Сестра Анна вопросительно посмотрела на Элинор и, не дождавшись объяснения, продолжала, обращаясь к Ральфу:

— Давно не было вас в Тиндале, сэр. Я подумала, что вы отправились вслед за вашим родственником ко двору. Набраться светских манер. Они у вас заметно улучшились, насколько я замечаю.

Ее колкости не были, видно, большой неожиданностью для Ральфа. Он сплюнул и довольно добродушно проговорил:

— Я не из тех, кто ошивается при дворе, вы знаете это, сестра. — И добавил без обиняков: — Я притащил вам труп.

Но Анну трудно было ошеломить этим сообщением: служение в лазарете приучило ее ко многому. И ответ монахини был подобающим.

— Я и не думала, сэр, — сказала она, — что вы пожаловали, чтобы почитать нам любовные стихи.

Доброжелательная улыбка приятно смягчила ироничность слов.

— Да, — поддакнул ей Томас, — хорошие свежие трупы куда больше в духе нашего коронера.

Начавшуюся пикировку прервала Элинор.

— Боюсь, шутки сейчас не совсем к месту, брат Томас, — заметила она сухо. — Легкомыслие и смерть не очень совместимы, как мне кажется.

Томас обиженно моргнул. Почему настоятельница адресует свое замечание только ему?
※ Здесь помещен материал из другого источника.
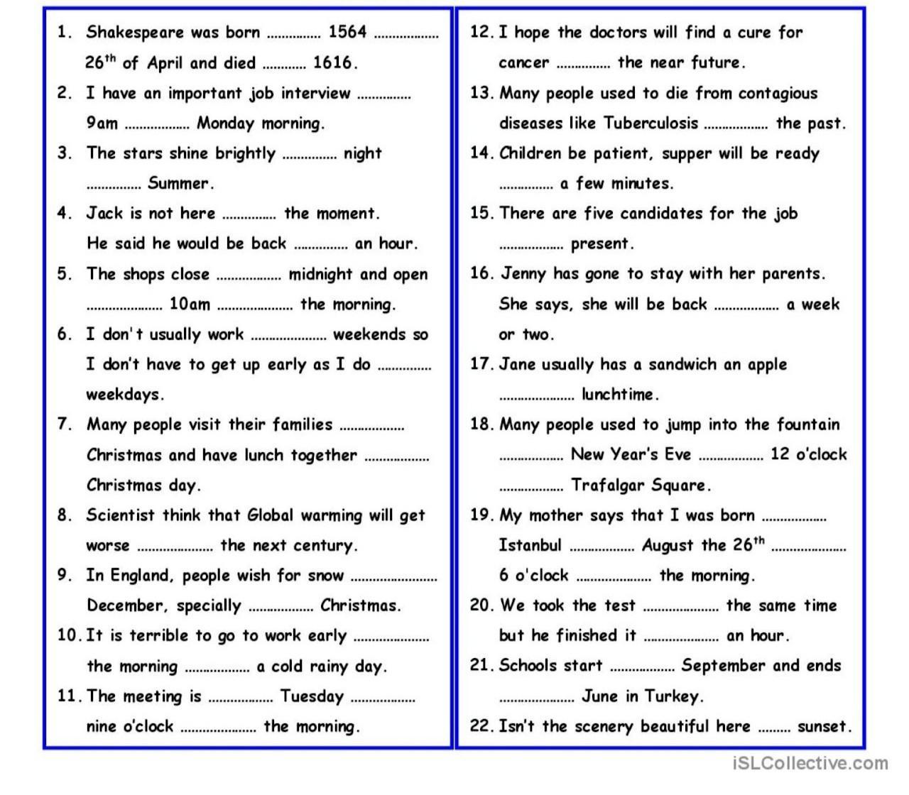 1. Shakespeare was born 26th of April and died 2. I have an important job interview 9am Monday morning. 3. The stars shine brightly. Summer. 4. Jack is not here He said he would be back 5. The shops close 10am worse ........... *********** the morning........... 11. The meeting is nine o'clock 1564 1616. 6. I don't usually work.... I don't have to get up early as I do weekdays. 7. Many people visit their families Christmas and have lunch together Christmas day. 8. Scientist think that Global warming will get the next century. 9. In England, people wish for snow December, specially. 10. It is terrible to go to work early the moment. night an hour. midnight and open the morning. ............ weekends so *********** **********....... Christmas. a cold rainy day. Tuesday the morning. 12. I hope the doctors will find a cure for the near future. cancer **************** 13. Many people used to die from contagious diseases like Tuberculosis the past. 14. Children be patient, supper will be ready a few minutes. 15. There are five candidates for the job present. 16. Jenny has gone to stay with her parents. She says, she will be back ......... a week or two. ********************** 17. Jane usually has a sandwich an apple lunchtime. 18. Many people used to jump into the fountain New Year's Eve 12 o'clock Trafalgar Square. 19. My mother says that I was born Istanbul 6 o'clock August the 26th the morning. 20. We took the test but he finished it ........... ................. 21. Schools start the same time an hour. September and ends June in Turkey. 22. Isn't the scenery beautiful here sunset. iSLCollective.com

Разве другие не делят с ним это осужденное ею легкомыслие?

— Прошу прощения, миледи, — сказал он с поклоном. — Сожалею, если кто-то умер, не добравшись до койки в нашем монастыре.

— Именно так и случилось, брат, — подтвердила Элинор, пропуская мимо ушей чуть заметную насмешливость в почтительном ответе. — Только умер этот человек не от болезни, а его убили. Зверски убили.

Анна побледнела. С лица Томаса сошло выражение обиды. Ральф негромко заговорил:

— Да, человека убили самым варварским способом. Это произошло в лесу неподалеку отсюда. Поэтому, чтобы избежать распространения слухов, я был вынужден привезти труп сюда.

— Господи, ну отчего на нас обрушивается столько смертей! — воскликнула в отчаянии Анна, воздевая руки, и потом истово перекрестилась. — Простите меня. Стыдно думать о собственном спокойствии, а не о несчастной душе человека, погибшего без покаяния.

— И все же вы правы, сестра, — попытался утешить ее Ральф и даже протянул руку, чтобы дотронуться до ее плеча, но не осмелился сделать это. — Монастырю много достается.

— Убитый не был местным жителем, коронер? — спросила Элинор.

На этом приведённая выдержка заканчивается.